10b. Tidak. Hanya makruh yakni kurang dianjurkan.

12. Sebesar koin dirham sama dengan uang koin seratus rupiah.

13. Tidak sama.
14. Menyakiti sesama muslim hukumnya berdosa baik ulama atau bukan tapi tidak menjadikan seseorang murtadz kecuali kalau menyakiti ulama karena benci pada agama atau pada pesan religi yang dibawa ulama itu.

15. Nabi Muhammad terkadang bercanda tetapi dengan canda yang wajar.

AIR KENCING DI UJUNG KEMALUAN TIDAK NAJIS KARENA TERMASUK BATIN

Imam Nawawi dalam Al-Majmuk berkata:


قال الغزالي: ولا يستقصي فيه بالتعرض للباطن، فإن ذلك منبع الوسواس، قال: وليعلم أن كل ما لا يصل الماء إليه فهو باطن، ولا يثبت للفضلات الباطنة حكم النجاسة حتى تبرز، وما ظهر له حكم النجاسة وحد ظهوره ـ أي ضابط ظهوره ـ أن يصله الماء

Artinya: Al-Ghazali berkata: Dan hendaknya tidak melihat ke bagian dalam karena itu menjadi sumber was-was.
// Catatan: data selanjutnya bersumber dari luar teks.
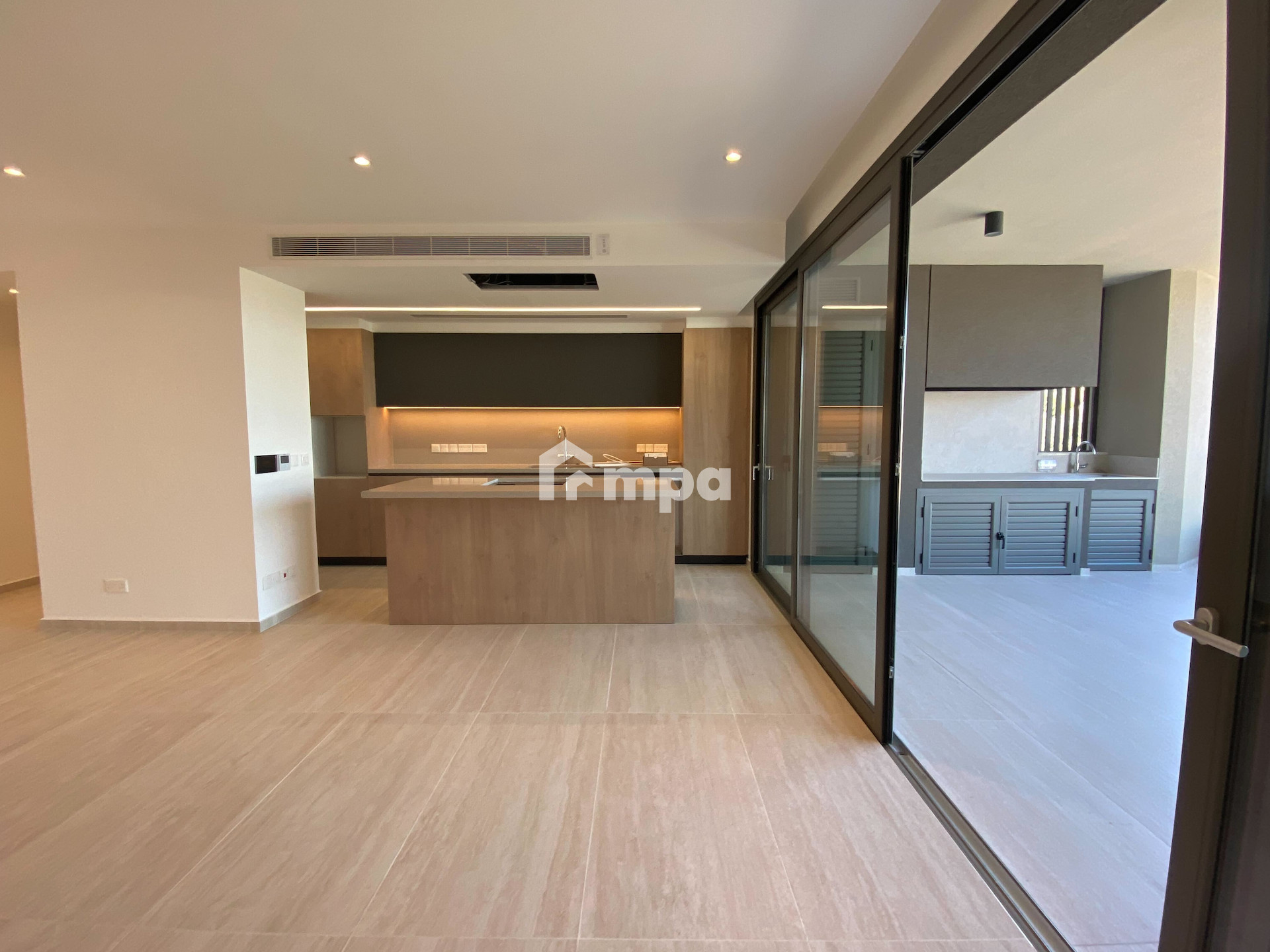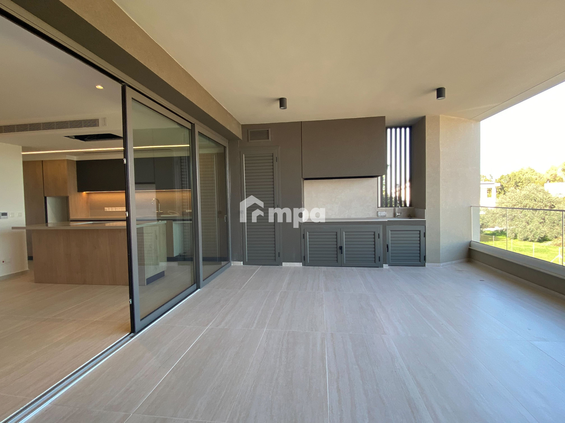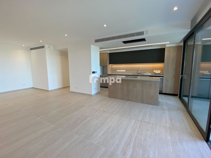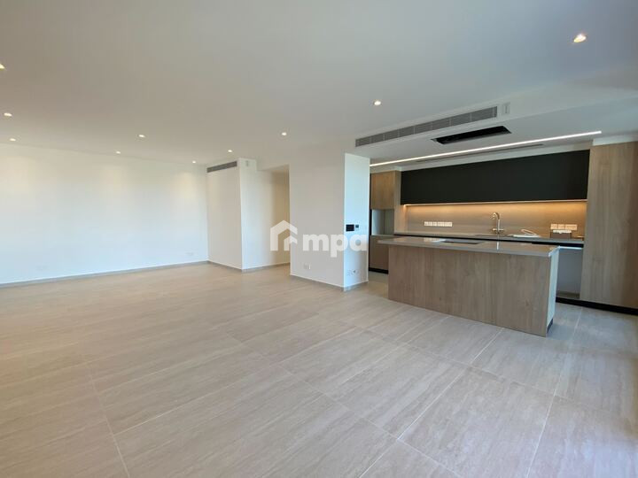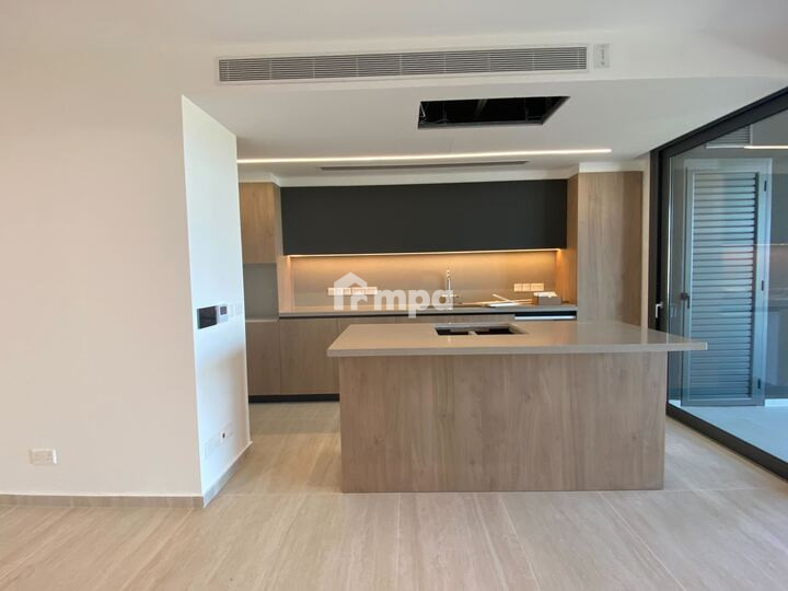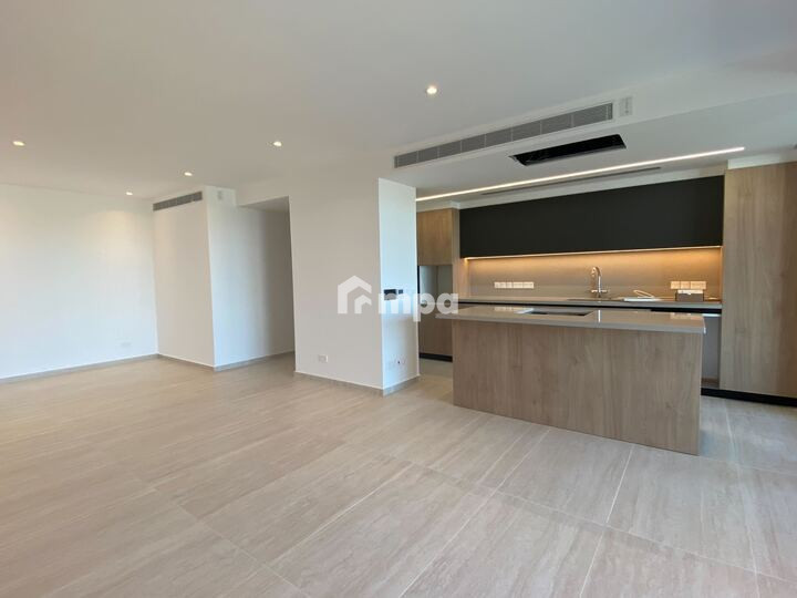 The apartment offers 136 sqm of internal space, an open-plan kitchen with high-end appliances, a spacious living area, and premium finishes throughout.

Ketahuilah bahwa setiap sesuatu yang tidak sampai air padanya itu termasuk batin (bagian dalam). Dan kelebihan atau sisa-sisa di bagian dalam tidak dihukumi najis kecuali setelah tampak keluar. Sesuatu yang tampak dihukumi najis. Batasan tampak (zhahir) adalah sampainya air padanya.